Another reason some organizations don’t immediately implement Experience Thinking is because they’re stuck in a reactive mentality. They assume they know their customers and will be able to change in appropriate ways as the need arises. There’s nothing inherently wrong with this attitude, but wouldn’t you rather work more efficiently? Why react to unforeseen complaints when experience design can help you be proactive? Wouldn’t you rather anticipate and solve most problems before they occur?

The prevailing approach in some digital product cases seems to be to launch and make fixes later. This can be after release four of the product/service. There are ever changing business names for these processes that make an organization feel better about the state of its operations. Though there may be occasions that doing the “minimum viable product” launch, or starting “lean” may work, the concepts in Experience Thinking eliminate much of the time and money required to build, get results, fix, and repeat.

In more mature industries, design flaws can result in wide scale product recalls (cars), worker accidents (building) and even deaths (airplanes). The companies in those markets see the need to get the product experience quality right before launch. The consequences are simply too high. When is the digital industry going to catch up?

“Experience Variables Are Too Difficult to Measure”

Good experience design isn’t magic; it’s a scientific approach from the perspective of the customer. Although experiences are not easily measured, there’s quantifiable data that you can rely on when you compare the reactions of customers. For example, specific measures might be customer preference of the new design over the old one (emotion), giving the right information to the customer (usefulness), or how long it took to get that information. Another metric is if the customer would recommend the product or service to another based on the experience.

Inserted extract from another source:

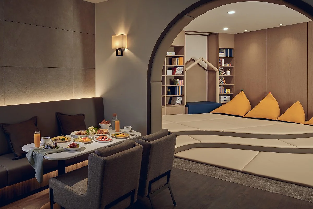 가족이 함께하는 공간인 만큼 아이들을 위한 키즈 플레이존을 별도로 설치했는데요. 키즈플레이존은 폭신한 소프트 타일 카펫으로 마감해 안전하게 이용할 수 있도록 했답니다. ‘더 라운지’에서 온 가족이 함께 여유로운 호텔 라이프를 즐길 수 있다는 점이 매력적이랍니다.
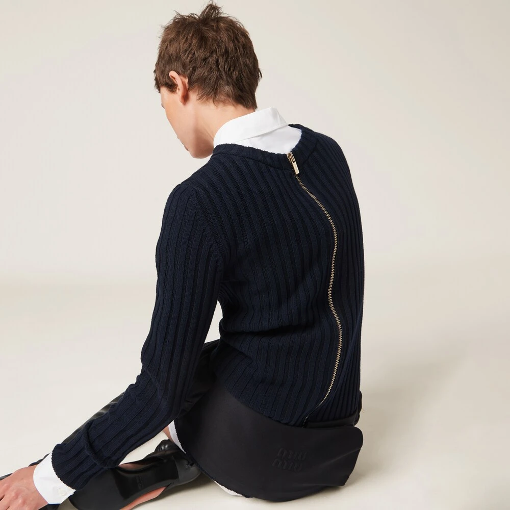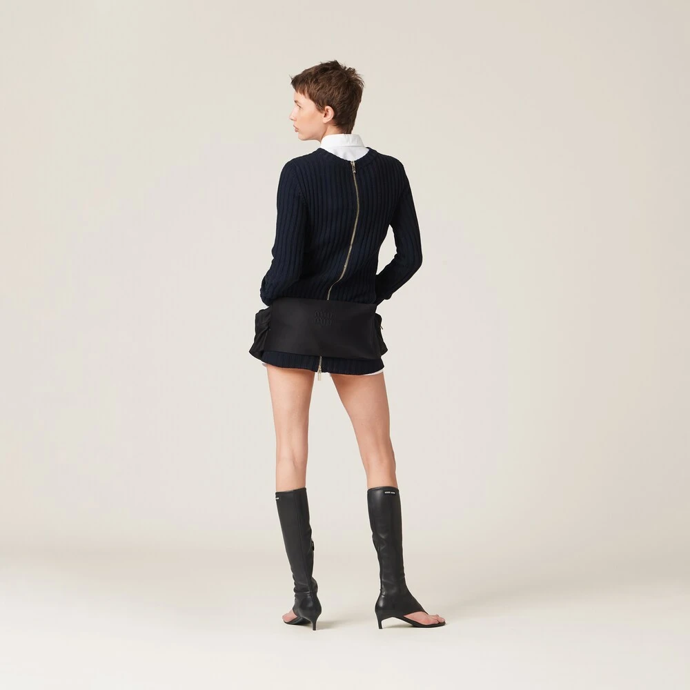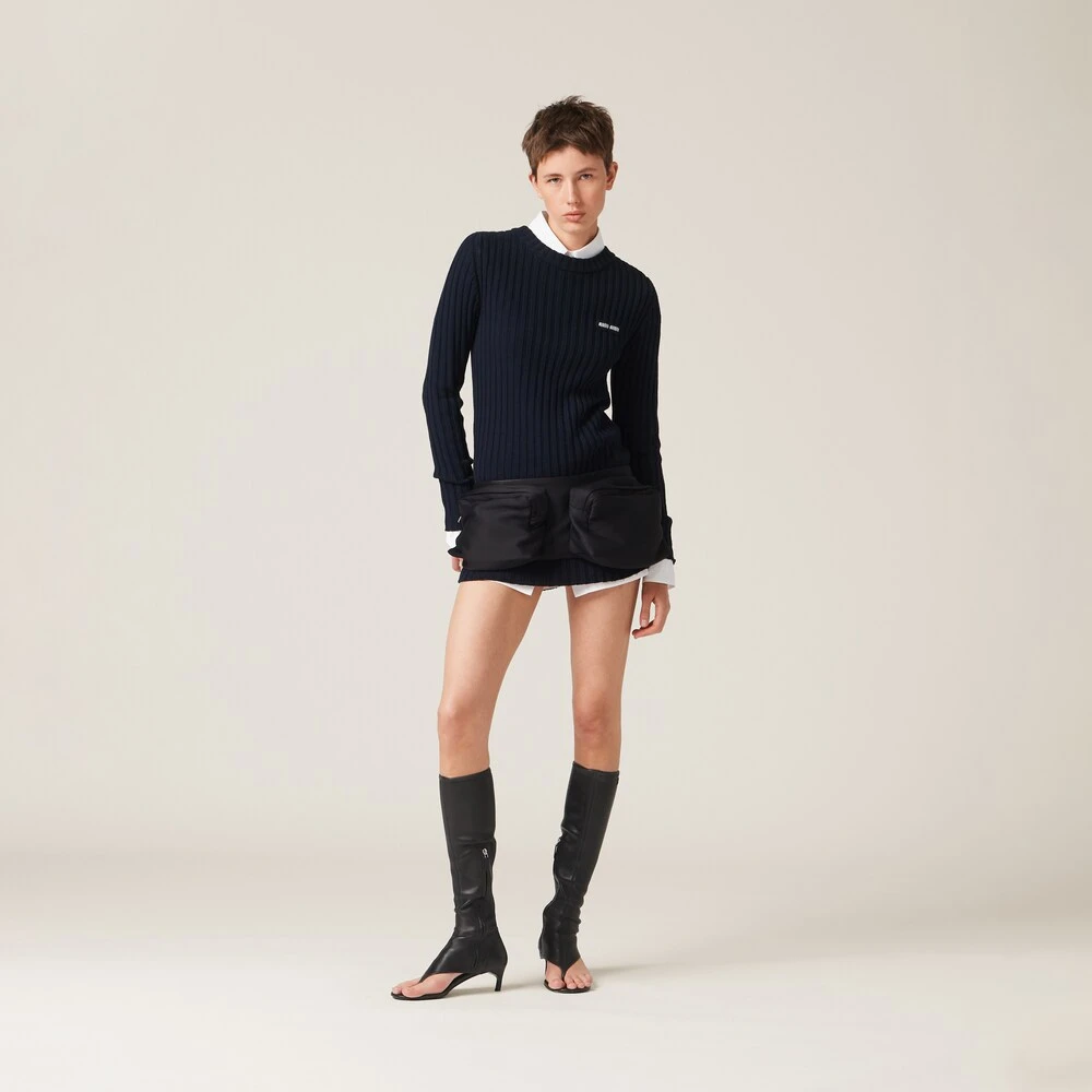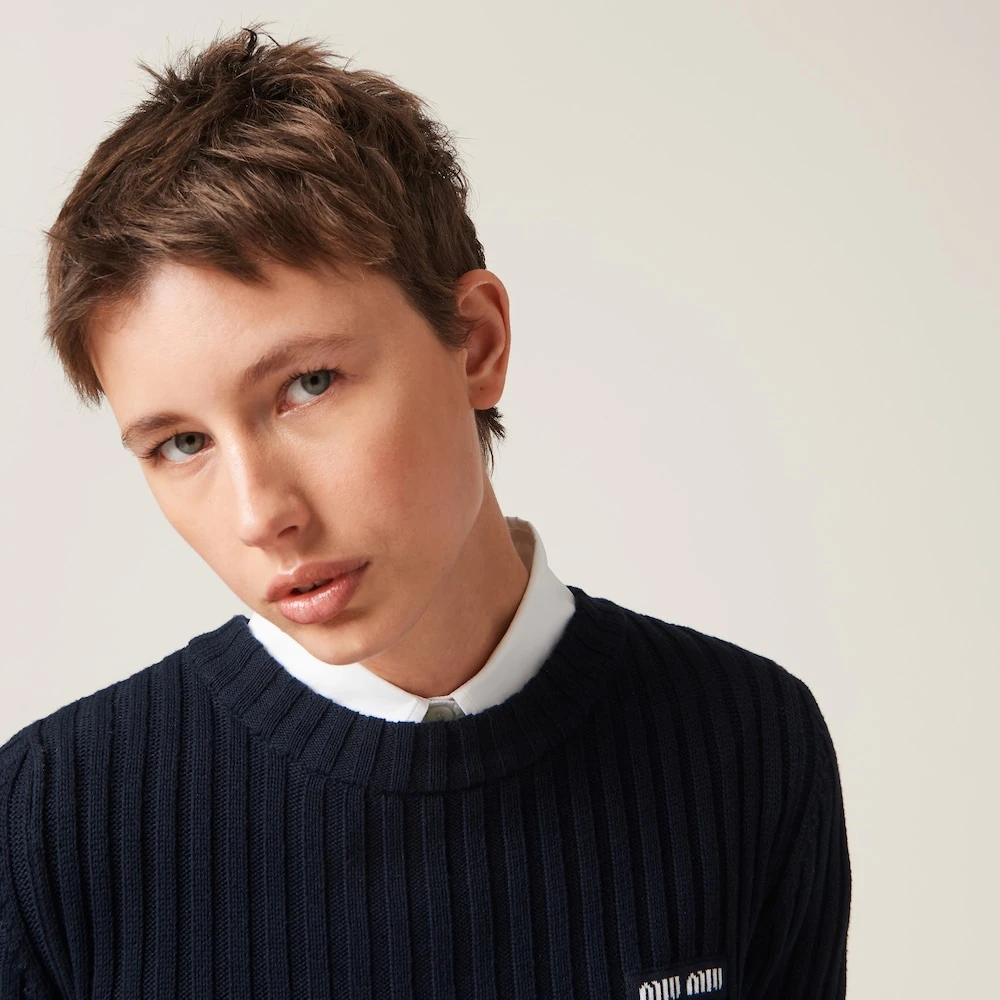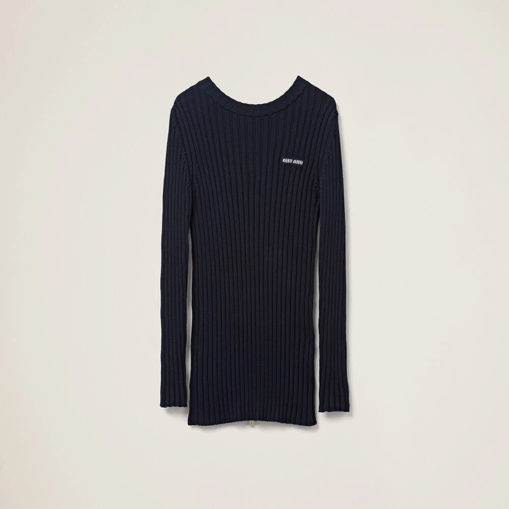 Present on the catwalk during the Spring-Summer 2023 show, this cotton knit mini-dress expresses a notion of fashion as a means of translating a reaction to current reality into material form. The slim fit and sleek lines are perfect for layering while the logo patch introduces a refined contrast and completes the design with an iconic and distinctive touch.

On the commerce side, you simply look at your business success. Did the customer buy or not? What were the conversion rates, and where did changes occur in the sales funnel?

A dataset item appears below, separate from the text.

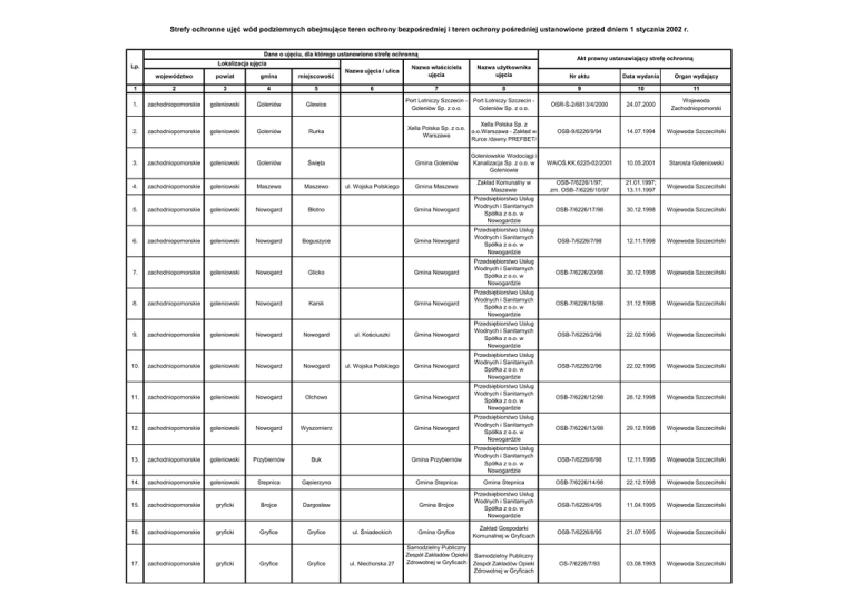 Strefy ochronne ujęć wód podziemnych obejmujące teren ochrony bezpośredniej i teren ochrony pośredniej ustanowione przed dniem 1 stycznia 2002 r. Dane o ujęciu, dla którego ustanowiono strefę ochronną Lokalizacja ujęcia Lp. Nazwa ujęcia / ulica Akt prawny ustanawiający strefę ochronną Nazwa właściciela ujęcia Nazwa użytkownika ujęcia Nr aktu Data wydania Organ wydający 7 8 9 10 11 OSR-Ś-2/6813/4/2000 24.07.2000 Wojewoda Zachodniopomorski województwo powiat gmina miejscowość 1 2 3 4 5 1. zachodniopomorskie goleniowski Goleniów Glewice 2. zachodniopomorskie goleniowski Goleniów Rurka Xella Polska Sp. z o.o. Warszawa Xella Polska Sp. z o.o.Warszawa - Zakład w Rurce /dawny PREFBET/ OSB-9/6226/9/94 14.07.1994 Wojewoda Szczeciński 3. zachodniopomorskie goleniowski Goleniów Święta Gmina Goleniów Goleniowskie Wodociągi i Kanalizacja Sp. z o.o. w Goleniowie WAiOŚ.KK.6225-02/2001 10.05.2001 Starosta Goleniowski 4. zachodniopomorskie goleniowski Maszewo Maszewo Gmina Maszewo Zakład Komunalny w Maszewie OSB-7/6226/1/97; zm. OSB-7/6226/10/97 21.01.1997; 13.11.1997 Wojewoda Szczeciński 5. zachodniopomorskie goleniowski Nowogard Błotno Gmina Nowogard Przedsiębiorstwo Usług Wodnych i Sanitarnych Spółka z o.o. w Nowogardzie OSB-7/6226/17/98 30.12.1998 Wojewoda Szczeciński Gmina Nowogard Przedsiębiorstwo Usług Wodnych i Sanitarnych Spółka z o.o. w Nowogardzie OSB-7/6226/7/98 12.11.1998 Wojewoda Szczeciński Gmina Nowogard Przedsiębiorstwo Usług Wodnych i Sanitarnych Spółka z o.o. w Nowogardzie OSB-7/6226/20/98 30.12.1998 Wojewoda Szczeciński Gmina Nowogard Przedsiębiorstwo Usług Wodnych i Sanitarnych Spółka z o.o. w Nowogardzie OSB-7/6226/18/98 31.12.1998 Wojewoda Szczeciński Gmina Nowogard Przedsiębiorstwo Usług Wodnych i Sanitarnych Spółka z o.o. w Nowogardzie OSB-7/6226/2/96 22.02.1996 Wojewoda Szczeciński Gmina Nowogard Przedsiębiorstwo Usług Wodnych i Sanitarnych Spółka z o.o. w Nowogardzie OSB-7/6226/2/96 22.02.1996 Wojewoda Szczeciński Gmina Nowogard Przedsiębiorstwo Usług Wodnych i Sanitarnych Spółka z o.o. w Nowogardzie OSB-7/6226/12/98 28.12.1998 Wojewoda Szczeciński Gmina Nowogard Przedsiębiorstwo Usług Wodnych i Sanitarnych Spółka z o.o. w Nowogardzie OSB-7/6226/13/98 29.12.1998 Wojewoda Szczeciński OSB-7/6226/6/98 12.11.1998 Wojewoda Szczeciński 6. 7. 8. 9. 10. 11. 12. zachodniopomorskie zachodniopomorskie zachodniopomorskie zachodniopomorskie zachodniopomorskie zachodniopomorskie zachodniopomorskie goleniowski goleniowski goleniowski goleniowski goleniowski goleniowski goleniowski Nowogard Nowogard Nowogard Nowogard Nowogard Nowogard Nowogard 6 Port Lotniczy Szczecin - Port Lotniczy Szczecin Goleniów Sp. z o.o. Goleniów Sp. z o.o. ul. Wojska Polskiego Boguszyce Glicko Karsk Nowogard Nowogard ul. Kościuszki ul. Wojska Polskiego Olchowo Wyszomierz 13. zachodniopomorskie goleniowski Przybiernów Buk Gmina Przybiernów Przedsiębiorstwo Usług Wodnych i Sanitarnych Spółka z o.o. w Nowogardzie 14. zachodniopomorskie goleniowski Stepnica Gąsierzyno Gmina Stepnica Gmina Stepnica OSB-7/6226/14/98 22.12.1998 Wojewoda Szczeciński Gmina Brojce Przedsiębiorstwo Usług Wodnych i Sanitarnych Spółka z o.o. w Nowogardzie OSB-7/6226/4/95 11.04.1995 Wojewoda Szczeciński ul. Śniadeckich Gmina Gryfice Zakład Gospodarki Komunalnej w Gryficach OSB-7/6226/8/95 21.07.1995 Wojewoda Szczeciński ul. Niechorska 27 Samodzielny Publiczny Zespół Zakładów Opieki Zdrowotnej w Gryficach Samodzielny Publiczny Zespół Zakładów Opieki Zdrowotnej w Gryficach OS-7/6226/7/93 03.08.1993 Wojewoda Szczeciński 15. zachodniopomorskie gryficki Brojce Dargosław 16. zachodniopomorskie gryficki Gryfice Gryfice 17. zachodniopomorskie gryficki Gryfice Gryfice Dane o ujęciu, dla którego ustanowiono strefę ochronną Lokalizacja ujęcia Lp. Nazwa ujęcia / ulica województwo powiat gmina miejscowość 1 2 3 4 5 18. zachodniopomorskie gryficki Gryfice Prusinowo 19. zachodniopomorskie gryficki Płoty Płoty 6 ul. Ogrodowa Akt prawny ustanawiający strefę ochronną Nazwa właściciela ujęcia Nazwa użytkownika ujęcia Nr aktu Data wydania Organ wydający 7 8 9 10 11 Gmina Gryfice Zakład Gospodarki Komunalnej w Gryficach OSB-7/6226/9/98 04.12.1998 Wojewoda Szczeciński Gmina Płoty Zakład Gospodarki Komunalnej i Mieszkaniowej w Płotach OSB-7/6226/5/97; zm. RLiOŚ 6220/10/00 05.05.1997; 26.10.2000 Wojewoda Szczeciński; Starosta Gryficki RLiOŚ.6220/5/00 13.03.2000 Starosta Gryficki 20. zachodniopomorskie gryficki Rewal Rewal; Śliwin Gmina Rewal Wodociągi Rewal Sp. z o.o. Ul. Poznańska 31 72-346 Pobierowo 21. zachodniopomorskie gryficki Rewal Trzęsacz Gmina Rewal Zakład Wodociągów i Kanalizacji w Pobierowie RLiOŚ-6223/15/99 14.05.1999 Starosta Gryficki 22. zachodniopomorskie gryficki Trzebiatów Gorzysław osoba prywatna osoba prywatna OSB-7/6226/4/94 08.03.1994 Wojewoda Szczeciński 23. zachodniopomorskie gryficki Trzebiatów Trzebiatów Gmina Trzebiatów Zakład Wodociągów i Kanalizacji w Trzebiatowie OSB-7/6226/15/95 23.10.1995 Wojewoda Szczeciński 24. zachodniopomorskie gryficki Trzebiatów Trzebiatów Polski Koncern Naftowy ORLEN S.A. w Płocku Polski Koncern Naftowy ORLEN S.A. w Płocku OS-7/6226/5/93 19.07.1993 Wojewoda Szczeciński 25. zachodniopomorskie gryfiński Cedynia Osinów Dolny Gmina Cedynia Wodociągi Zachodniopomorskie Sp. z o.o. w Goleniowie OSB-9/6226/5/95 30.06.1995 Wojewoda Szczeciński TEXAS RANCH COMPANY Sp. z o.o. Koszewko 13 73-102 Stargard Szcz. TEXAS RANCH COMPANY Sp. z o.o. Koszewko 13 73102 Stargard Szcz. OSB-9/6226/5/94 07.03.1994 Wojewoda Szczeciński ul. Pietruszkowa 1 26. zachodniopomorskie gryfiński Chojna Chojna Elewator Zbożowy, ul. Kopernika 27. zachodniopomorskie gryfiński Gryfino Dębce Dębce-Żabnica Gmina Gryfino Przedsiębiorstwo Usług Komunalnych Spółka z o.o. w Gryfinie Uchwała Nr XXVII/313/2001 21.12.2001 Rada Powiatu w Gryfinie 28. zachodniopomorskie gryfiński Gryfino Gryfino

It’s equally as easy to quantify success in “use.” Again, it’s a matter of testing. Give users the product and see if they can successfully use it in the way it’s intended to be used. When you watch and record the interaction of the user with the product, service, or app, you get a very clear yes-or-no answer to the question of whether your experience design is successful. If your client can’t complete the task, sign up, or make the transaction in a reasonable time with little help or training, you know you have issues.

Benchmarking on the experience side, not just the technology side, is another way to make sure you are creating the best possible user experience. First test, then redesign to make the product better than it previously tested, and repeat. Designers can try to improve their “build” in ways to make the percentage of task completion better and the satisfaction level higher.

Key experience metrics include market and user research through surveys, focus groups, interviews, or observation. How do users behave? How do customers perceive? When the experience is good and people can use the product easily, they’re happier and more engaged. When consumers and users are happier, companies will see a direct correlation in advocacy, in sales, and ultimately in business impact.

Are You Ready to Embrace Change?

Change is a constant in business. When you change your process or design, there’s always a risk. But if you do it in the right way, the risk will be outweighed by the immense benefits to your customer, your user, and to your bottom line.

Experience Thinking is logical and holistic. Embrace it and you will deliver ongoing value in tune with your audience’s needs and desires.